THE PROBLEM: Pictures are to be omitted. Output only the lines from the one containing "雷达财经讯,天眼查App显示" through the end of the data, word for word.

RAW DATA:

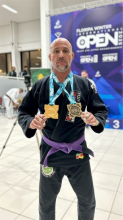 Carlos sagrou-se campeão na categoria meio-pesado, faixa roxa, e conquistou também a medalha de bronze na categoria absoluto, faixa roxa.
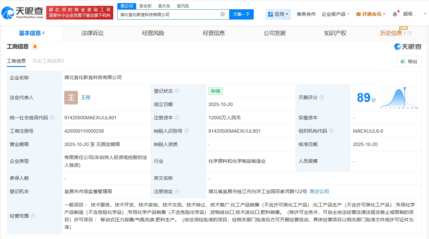 雷达财经讯,天眼查App显示,近日,湖北宜化新宜科技有限公司成立,法定代表人为王雨,注册资本1.2亿人民币,经营范围包括化工产品销售、化工产品生产、货物进出口、肥料销售等。股东信息显示,该公司由湖北宜化(000422)全资持股。
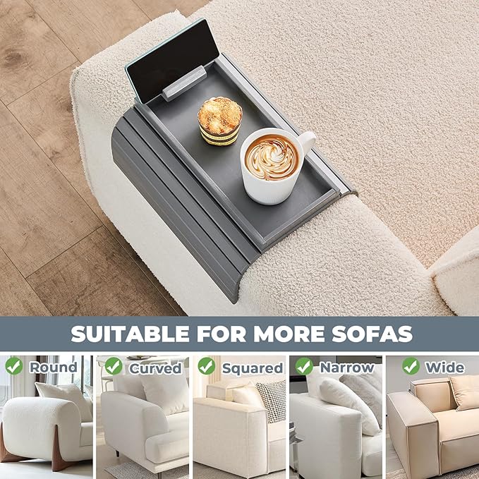 - FITS VARIOUS SOFA ARMRESTS: Our sofa arm tray table for couches applies to most sofas, for wide armchairs, flat, rolls, and straight arms. It adapting to minimum armrest width 6'' flat to 18'' rolls or straight arms. (Measure Your Couch Arm Before Ordering). Our couch arm table can not only be placed on the armrest of the sofa, but can also be used flat, such as computer tray tables, beverage racks, meal mats, and food trays. etc.
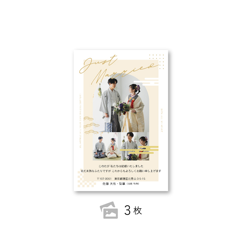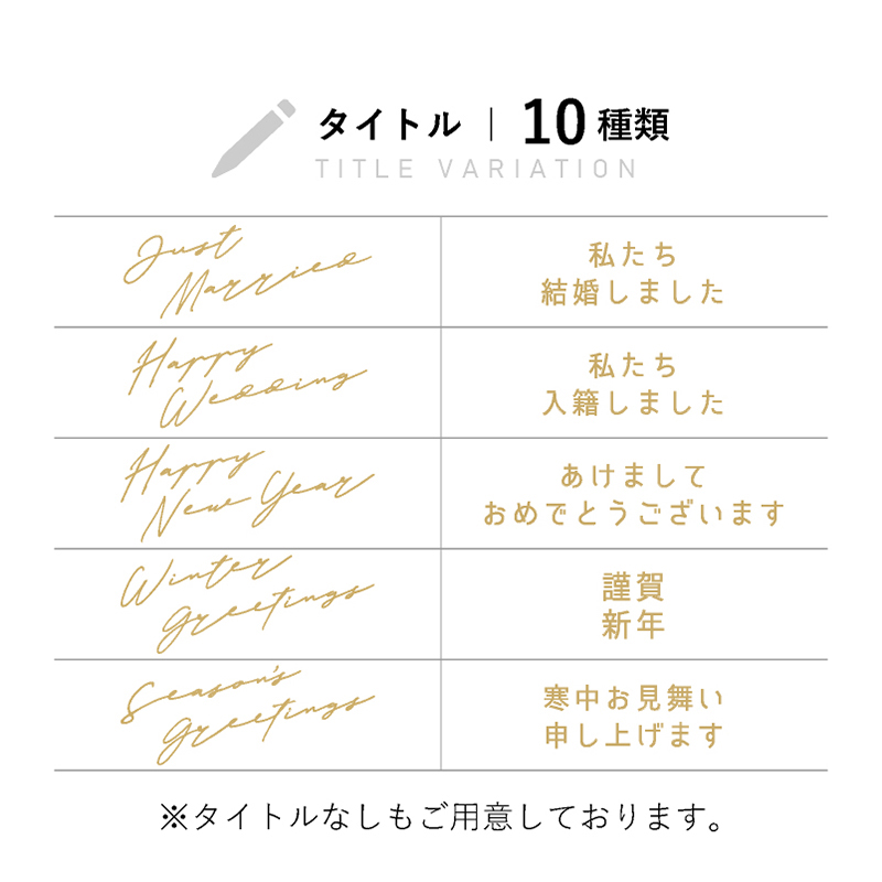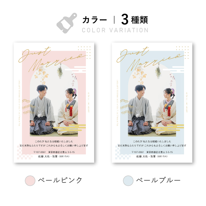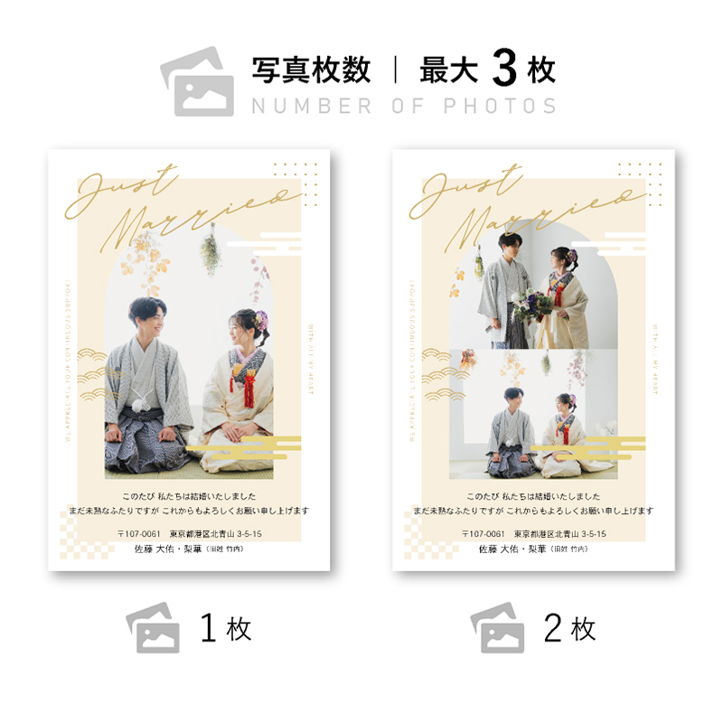 和風でもあり洋風なデザインを取り入れているのが良かった。なので和装、洋装の写真を入れて作りました。仕上がりも早くて助かりました。ありがとうございました_(._.)_

REPLY TO THE TASK:
 雷达财经讯,天眼查App显示,近日,湖北宜化新宜科技有限公司成立,法定代表人为王雨,注册资本1.2亿人民币,经营范围包括化工产品销售、化工产品生产、货物进出口、肥料销售等。股东信息显示,该公司由湖北宜化(000422)全资持股。
 - FITS VARIOUS SOFA ARMRESTS: Our sofa arm tray table for couches applies to most sofas, for wide armchairs, flat, rolls, and straight arms. It adapting to minimum armrest width 6'' flat to 18'' rolls or straight arms. (Measure Your Couch Arm Before Ordering). Our couch arm table can not only be placed on the armrest of the sofa, but can also be used flat, such as computer tray tables, beverage racks, meal mats, and food trays. etc.
 和風でもあり洋風なデザインを取り入れているのが良かった。なので和装、洋装の写真を入れて作りました。仕上がりも早くて助かりました。ありがとうございました_(._.)_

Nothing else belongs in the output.